= About this task =
Please output exactly the lines below, starting at the line that has "Istutuspora havupuiden taimien" and ending at the line that has "Stein gilt oft", both included; leave out all pictures and include nothing else.

= Exercise inputs =
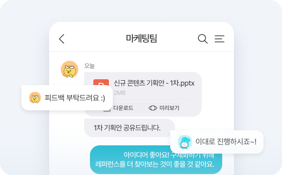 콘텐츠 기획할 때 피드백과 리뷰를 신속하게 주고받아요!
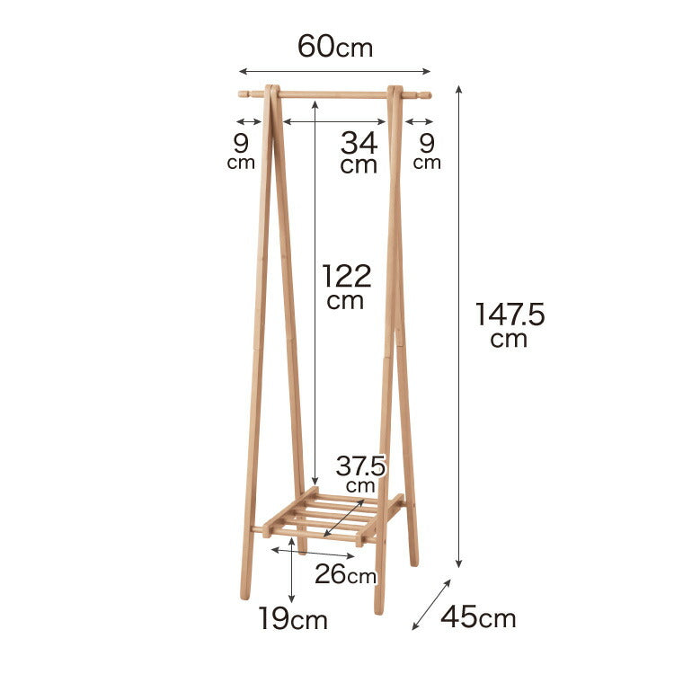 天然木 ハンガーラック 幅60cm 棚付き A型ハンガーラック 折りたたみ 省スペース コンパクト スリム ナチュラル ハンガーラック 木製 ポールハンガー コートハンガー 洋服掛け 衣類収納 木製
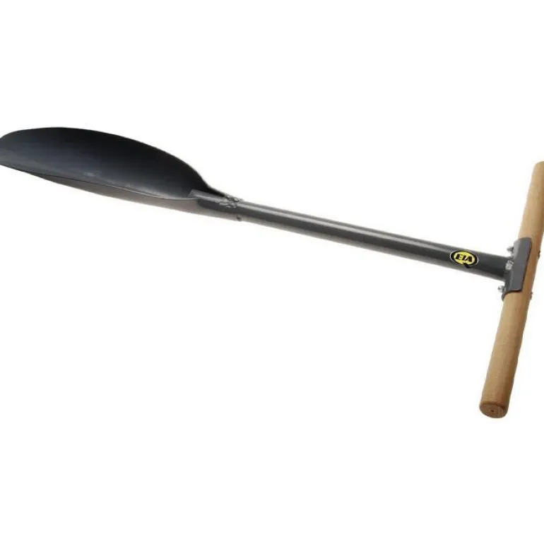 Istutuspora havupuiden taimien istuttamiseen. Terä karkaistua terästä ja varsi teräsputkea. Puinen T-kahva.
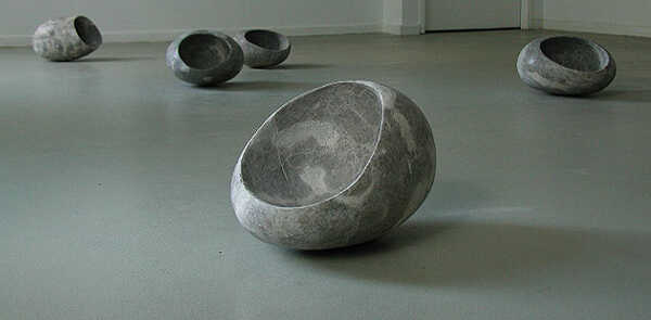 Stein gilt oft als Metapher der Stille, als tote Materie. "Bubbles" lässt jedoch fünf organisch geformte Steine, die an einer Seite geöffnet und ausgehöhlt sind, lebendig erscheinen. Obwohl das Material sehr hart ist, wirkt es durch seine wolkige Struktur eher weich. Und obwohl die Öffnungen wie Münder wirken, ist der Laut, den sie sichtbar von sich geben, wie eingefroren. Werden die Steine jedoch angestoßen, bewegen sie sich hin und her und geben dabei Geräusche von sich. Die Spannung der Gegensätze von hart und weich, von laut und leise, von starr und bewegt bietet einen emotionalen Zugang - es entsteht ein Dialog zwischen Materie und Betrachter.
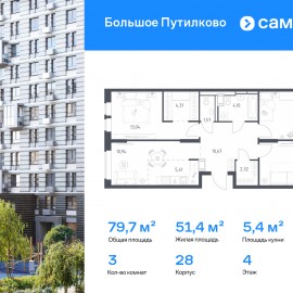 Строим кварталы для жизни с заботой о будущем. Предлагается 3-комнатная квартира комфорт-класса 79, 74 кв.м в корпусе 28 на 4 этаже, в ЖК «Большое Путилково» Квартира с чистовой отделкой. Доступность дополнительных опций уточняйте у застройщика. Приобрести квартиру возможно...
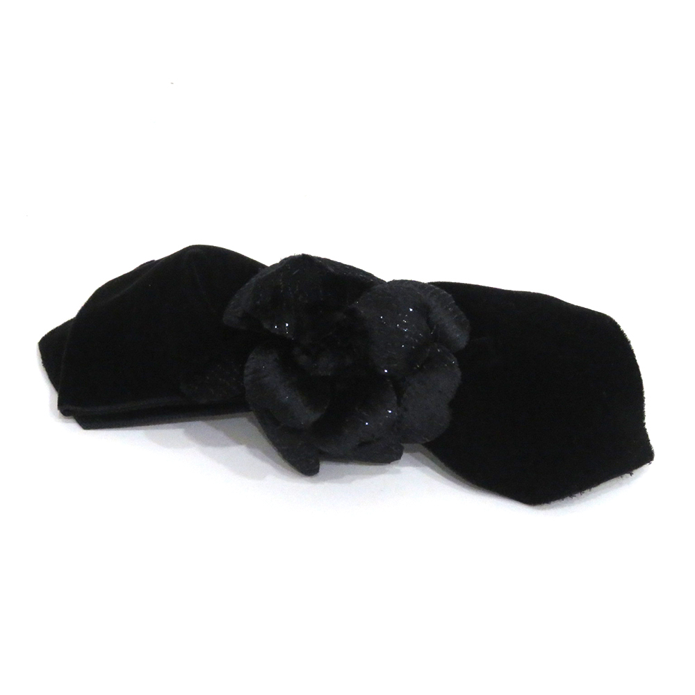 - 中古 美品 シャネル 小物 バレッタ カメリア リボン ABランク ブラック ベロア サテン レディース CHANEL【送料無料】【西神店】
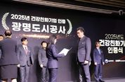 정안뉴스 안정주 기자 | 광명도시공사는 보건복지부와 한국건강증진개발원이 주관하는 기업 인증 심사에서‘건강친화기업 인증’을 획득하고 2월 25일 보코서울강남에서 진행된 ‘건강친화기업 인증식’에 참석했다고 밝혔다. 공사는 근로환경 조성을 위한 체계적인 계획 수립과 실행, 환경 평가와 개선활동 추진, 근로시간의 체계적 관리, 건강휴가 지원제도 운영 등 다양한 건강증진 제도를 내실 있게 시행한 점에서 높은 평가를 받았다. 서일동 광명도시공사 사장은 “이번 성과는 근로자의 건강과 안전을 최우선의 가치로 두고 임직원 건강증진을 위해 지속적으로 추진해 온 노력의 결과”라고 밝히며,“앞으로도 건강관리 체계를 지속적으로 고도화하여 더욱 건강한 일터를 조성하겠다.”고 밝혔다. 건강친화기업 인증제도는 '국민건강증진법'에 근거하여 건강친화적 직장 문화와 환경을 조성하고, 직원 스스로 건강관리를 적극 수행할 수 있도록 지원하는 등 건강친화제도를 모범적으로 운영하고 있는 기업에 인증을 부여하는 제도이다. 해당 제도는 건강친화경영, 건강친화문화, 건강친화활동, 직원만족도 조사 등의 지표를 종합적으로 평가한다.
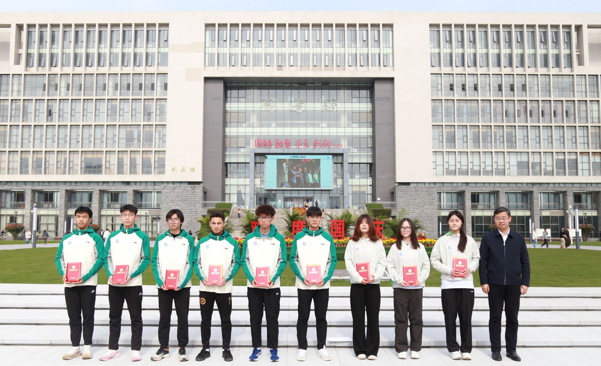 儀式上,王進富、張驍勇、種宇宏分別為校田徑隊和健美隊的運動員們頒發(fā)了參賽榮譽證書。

= Exercise response =
 Istutuspora havupuiden taimien istuttamiseen. Terä karkaistua terästä ja varsi teräsputkea. Puinen T-kahva.
 Stein gilt oft als Metapher der Stille, als tote Materie. "Bubbles" lässt jedoch fünf organisch geformte Steine, die an einer Seite geöffnet und ausgehöhlt sind, lebendig erscheinen. Obwohl das Material sehr hart ist, wirkt es durch seine wolkige Struktur eher weich. Und obwohl die Öffnungen wie Münder wirken, ist der Laut, den sie sichtbar von sich geben, wie eingefroren. Werden die Steine jedoch angestoßen, bewegen sie sich hin und her und geben dabei Geräusche von sich. Die Spannung der Gegensätze von hart und weich, von laut und leise, von starr und bewegt bietet einen emotionalen Zugang - es entsteht ein Dialog zwischen Materie und Betrachter.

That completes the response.